• [What you should do]: Using the data that follows, give again word for word the lines between the one holding "[TryCozy] 스마일데이지 패턴 클리어 렌즈가드 마그네틱 젤하드 케이스" and the one holding "Goodland美地女装春季法式优雅经典截断式摩登正肩外套", inclusive. Omit the pictures.

[Stored data entries]
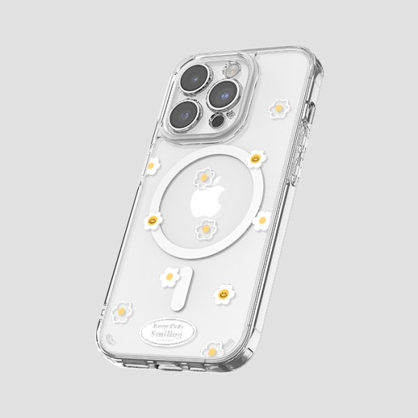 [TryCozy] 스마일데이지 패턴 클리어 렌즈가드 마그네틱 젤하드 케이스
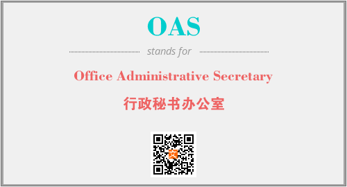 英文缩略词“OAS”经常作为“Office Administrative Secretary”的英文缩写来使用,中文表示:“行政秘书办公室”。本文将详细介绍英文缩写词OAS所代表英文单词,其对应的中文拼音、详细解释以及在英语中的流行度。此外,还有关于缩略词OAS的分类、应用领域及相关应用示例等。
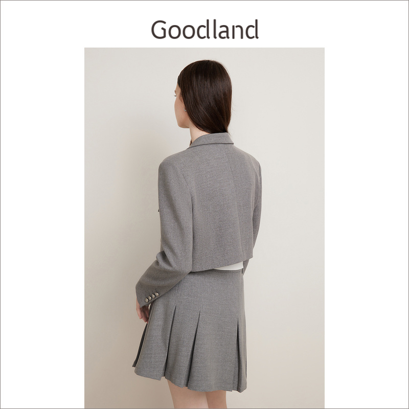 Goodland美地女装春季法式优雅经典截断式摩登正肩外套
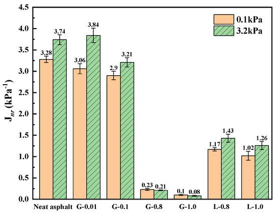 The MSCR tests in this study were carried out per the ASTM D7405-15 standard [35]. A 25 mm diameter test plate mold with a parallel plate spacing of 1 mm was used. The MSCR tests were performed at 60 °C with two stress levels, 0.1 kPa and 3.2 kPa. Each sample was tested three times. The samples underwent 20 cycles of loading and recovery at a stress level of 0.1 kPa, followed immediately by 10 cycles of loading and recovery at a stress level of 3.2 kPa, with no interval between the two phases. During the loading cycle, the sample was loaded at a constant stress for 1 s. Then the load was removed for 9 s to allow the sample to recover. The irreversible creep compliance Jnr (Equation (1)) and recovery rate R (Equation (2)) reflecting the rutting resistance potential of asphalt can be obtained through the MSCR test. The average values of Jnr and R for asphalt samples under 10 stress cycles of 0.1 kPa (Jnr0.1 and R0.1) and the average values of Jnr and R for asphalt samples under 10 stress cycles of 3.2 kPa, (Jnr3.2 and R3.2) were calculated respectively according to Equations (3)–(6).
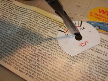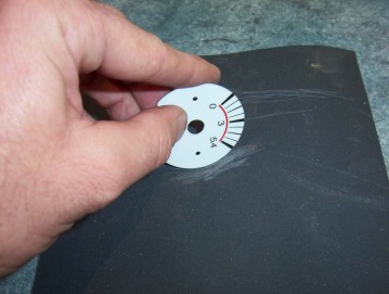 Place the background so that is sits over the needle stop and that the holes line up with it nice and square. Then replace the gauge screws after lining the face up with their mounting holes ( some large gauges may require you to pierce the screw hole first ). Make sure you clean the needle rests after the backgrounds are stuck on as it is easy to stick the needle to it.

...

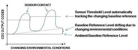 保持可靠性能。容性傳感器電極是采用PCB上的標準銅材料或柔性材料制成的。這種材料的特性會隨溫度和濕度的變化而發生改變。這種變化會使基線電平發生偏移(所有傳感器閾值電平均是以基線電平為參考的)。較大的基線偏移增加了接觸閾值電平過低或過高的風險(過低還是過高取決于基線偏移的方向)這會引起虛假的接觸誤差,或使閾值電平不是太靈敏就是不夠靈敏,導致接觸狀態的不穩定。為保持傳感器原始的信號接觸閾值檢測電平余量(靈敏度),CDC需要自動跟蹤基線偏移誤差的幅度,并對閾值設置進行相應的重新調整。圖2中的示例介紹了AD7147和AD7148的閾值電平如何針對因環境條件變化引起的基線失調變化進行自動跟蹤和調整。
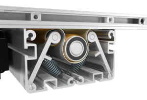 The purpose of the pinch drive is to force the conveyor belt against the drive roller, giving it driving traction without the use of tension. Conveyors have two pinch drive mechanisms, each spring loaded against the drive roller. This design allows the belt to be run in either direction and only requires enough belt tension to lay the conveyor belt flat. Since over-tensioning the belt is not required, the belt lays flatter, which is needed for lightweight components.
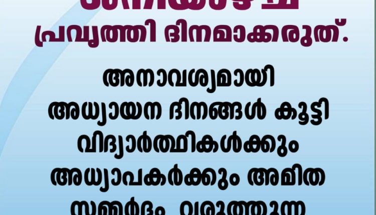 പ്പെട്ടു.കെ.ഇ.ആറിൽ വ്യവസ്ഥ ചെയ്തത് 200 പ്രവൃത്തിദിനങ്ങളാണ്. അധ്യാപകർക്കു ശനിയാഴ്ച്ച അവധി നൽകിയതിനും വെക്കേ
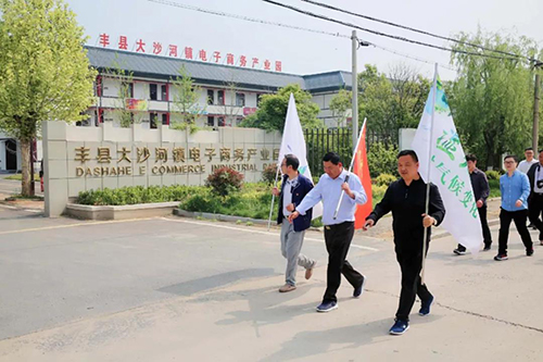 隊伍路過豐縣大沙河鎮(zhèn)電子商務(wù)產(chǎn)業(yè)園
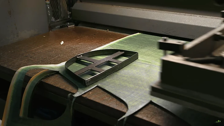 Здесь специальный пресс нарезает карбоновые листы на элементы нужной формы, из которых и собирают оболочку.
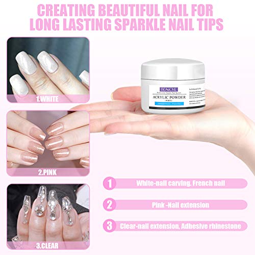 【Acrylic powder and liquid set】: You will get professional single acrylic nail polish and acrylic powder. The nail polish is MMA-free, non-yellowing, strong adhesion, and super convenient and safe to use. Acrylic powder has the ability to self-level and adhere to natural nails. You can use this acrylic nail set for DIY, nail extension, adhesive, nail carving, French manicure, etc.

• [Answer to this task]:
 [TryCozy] 스마일데이지 패턴 클리어 렌즈가드 마그네틱 젤하드 케이스
 英文缩略词“OAS”经常作为“Office Administrative Secretary”的英文缩写来使用,中文表示:“行政秘书办公室”。本文将详细介绍英文缩写词OAS所代表英文单词,其对应的中文拼音、详细解释以及在英语中的流行度。此外,还有关于缩略词OAS的分类、应用领域及相关应用示例等。
 Goodland美地女装春季法式优雅经典截断式摩登正肩外套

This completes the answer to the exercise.